[[ COLLECTED MATERIAL, beginning ]]

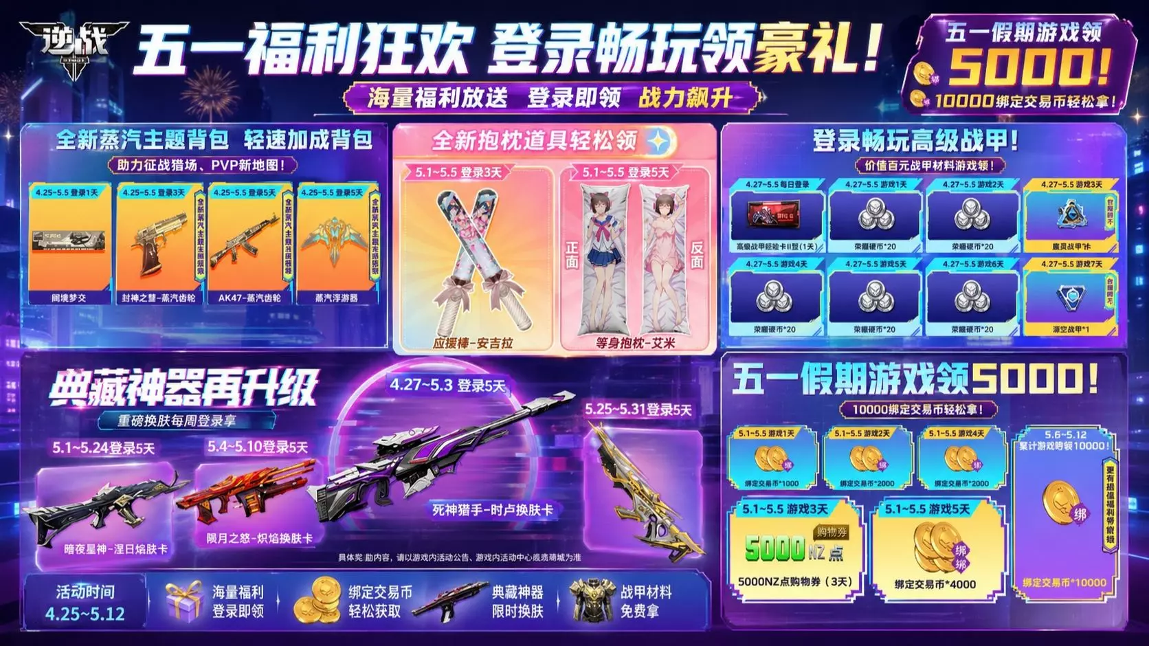 逆战五一假期推出多重免费福利活动,玩家可通过登录、游戏等任务,领取艾米抱枕、4款典藏神器换肤卡、两万绑定交易币、5000NZ点购物券、战甲10连抽等奖励,还有蒸汽主题换肤、移速加成背包可获取。
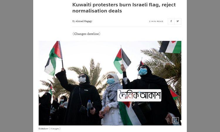 গাজায় হামলা: ইসরায়েলের পতাকা পুড়িয়ে কুয়েতিদের বিক্ষোভ
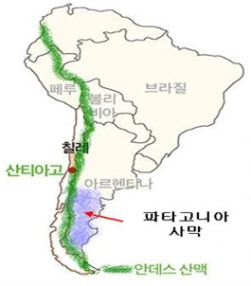 안데스 산맥 뒤에 숨어 있는 파타고니아 지방에 사막이 만들어지는 이유가 그 지역이 태평양에서 불어오는 바람이 안데스 산맥에 가로막히는 비그늘 지역이기 때문입니다.
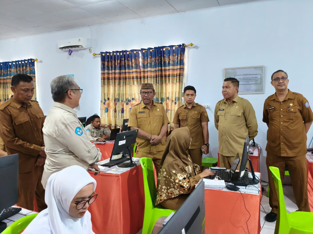 READ.ID – Sekretaris Daerah Provinsi Gorontalo, Sofian Ibrahim bersama jajaran Dinas Pendidikan dan Kebudayaan memantau langsung pelaksanaan Tes Kemampuan Akademik (TKA) jenjang SMP/MTs sederajat yang dipusatkan di Control Room penyedia TKA Provinsi Gorontalo, bertempat di SMA Negeri 3 Kota Gorontalo, Senin, (6/4/2026).

[[ COLLECTED MATERIAL, end ]]

The copy must match every line of the data exactly and contain no pictures.

### ANSWER BOX:
 逆战五一假期推出多重免费福利活动,玩家可通过登录、游戏等任务,领取艾米抱枕、4款典藏神器换肤卡、两万绑定交易币、5000NZ点购物券、战甲10连抽等奖励,还有蒸汽主题换肤、移速加成背包可获取。
 গাজায় হামলা: ইসরায়েলের পতাকা পুড়িয়ে কুয়েতিদের বিক্ষোভ
 안데스 산맥 뒤에 숨어 있는 파타고니아 지방에 사막이 만들어지는 이유가 그 지역이 태평양에서 불어오는 바람이 안데스 산맥에 가로막히는 비그늘 지역이기 때문입니다.
 READ.ID – Sekretaris Daerah Provinsi Gorontalo, Sofian Ibrahim bersama jajaran Dinas Pendidikan dan Kebudayaan memantau langsung pelaksanaan Tes Kemampuan Akademik (TKA) jenjang SMP/MTs sederajat yang dipusatkan di Control Room penyedia TKA Provinsi Gorontalo, bertempat di SMA Negeri 3 Kota Gorontalo, Senin, (6/4/2026).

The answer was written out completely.